If we want to take gradients, we just transpose the expression and get $\displaystyle \begin{array}{rcl} \nabla F( \begin{pmatrix} \mathrm{Vec}(W)\\b \end{pmatrix}) &=& D\bar G( \begin{pmatrix} \mathrm{Vec}(W)\\b \end{pmatrix})^{T} DL(G(Wx+b))^{T}\\ &=& ([x^{T}\ 1]\otimes I_{m})^{T}\mathrm{diag}(\sigma'(Wx+b))\nabla L(G(Wx+b))\\ &=& \underbrace{( \begin{bmatrix} x\\ 1 \end{bmatrix} \otimes I_{m})}_{\in{\mathbb R}^{(mn+m)\times m}}\underbrace{\mathrm{diag}(\sigma'(Wx+b))}_{\in{\mathbb R}^{m\times m}}\underbrace{\nabla L(G(Wx+b))}_{\in{\mathbb R}^{m}}. \end{array}$

Note that the right hand side is indeed vector in ${{\mathbb R}^{mn+m}}$ and hence, can be reshaped to a tupel ${(W,b)}$ of an ${m\times n}$ matrix and an ${m}$ vector.

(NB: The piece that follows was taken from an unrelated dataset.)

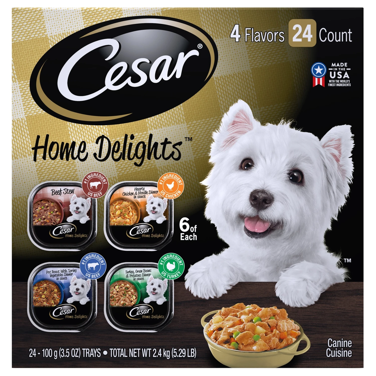 6 of Each: Beef stew. Hearty chicken & noodle dinner in sauce. Pot roast with spring vegetables dinner in sauce. Turkey, green beans & potatoes dinner in sauce. No. 1 ingredient US beef. No. 1 ingredient US chicken. No. 1 US turkey. Cesar Canine Cuisine is guaranteed to tempt even the fussiest eater. If not satisfied or to learn more call 1-800-525-5273 or visit cesar.com. cesar.com. To learn more call 1-800-525-5273 or visit cesar.com. Made in the USA with world’s finest ingredients. (Cesar Home Delights Beef Stew): Calorie Content (Calculated): 917 kcal ME/kg, 92 kcal ME/tray. Cesar Home Delights Beef Stew Canine Cuisine is formulated to meet the nutritional levels established by the AAFCO Dog Food Nutrient Profiles for maintenance. (Cesar Home Delights Pot Roast with Spring Vegetables Dinner in Sauce): Calorie Content (Calculated): 917 kcal ME/kg, 92 kcal ME/tray. Cesar Home Delights Pot Roast with Spring Vegetables Dinner in sauce Canine Cuisine is formulated to meet the nutritional levels established by the AAFCO Dog Food Nutrient Profiles for maintenance. (Cesar Home Delights Hearty Chicken & Noodle Dinner in Sauce): Calorie Content (Calculated): 978 kcal ME/kg, 98 kcal ME/tray. Cesar Home Delights Hearty Chicken & Noodle Dinner in sauce is formulated to meet the nutritional levels established by the AAFCO Dog Food Nutrient Profiles for maintenance. (Cesar Home Delights Turkey, Green Beans & Potatoes Dinner in Sauce): Calorie Content (Calculated): 961 kcal ME/kg, 96 kcal ME/tray. Cesar Home Delights Turkey, Green Beans & Potatoes Dinner in sauce is formulated to meet the nutritional levels established by the AAFCO Dog Food Nutrient Profiles for maintenance.

A final remark: the Kronecker product is related to tensor products. If ${A}$ and ${B}$ represent linear maps ${X_{1}\rightarrow Y_{1}}$ and ${X_{2}\rightarrow Y_{2}}$, respectively, then ${A\otimes B}$ represents the tensor product of the maps, ${X_{1}\otimes X_{2}\rightarrow Y_{1}\otimes Y_{2}}$. This relation to tensor products and tensors explains where the tensor in TensorFlow comes from.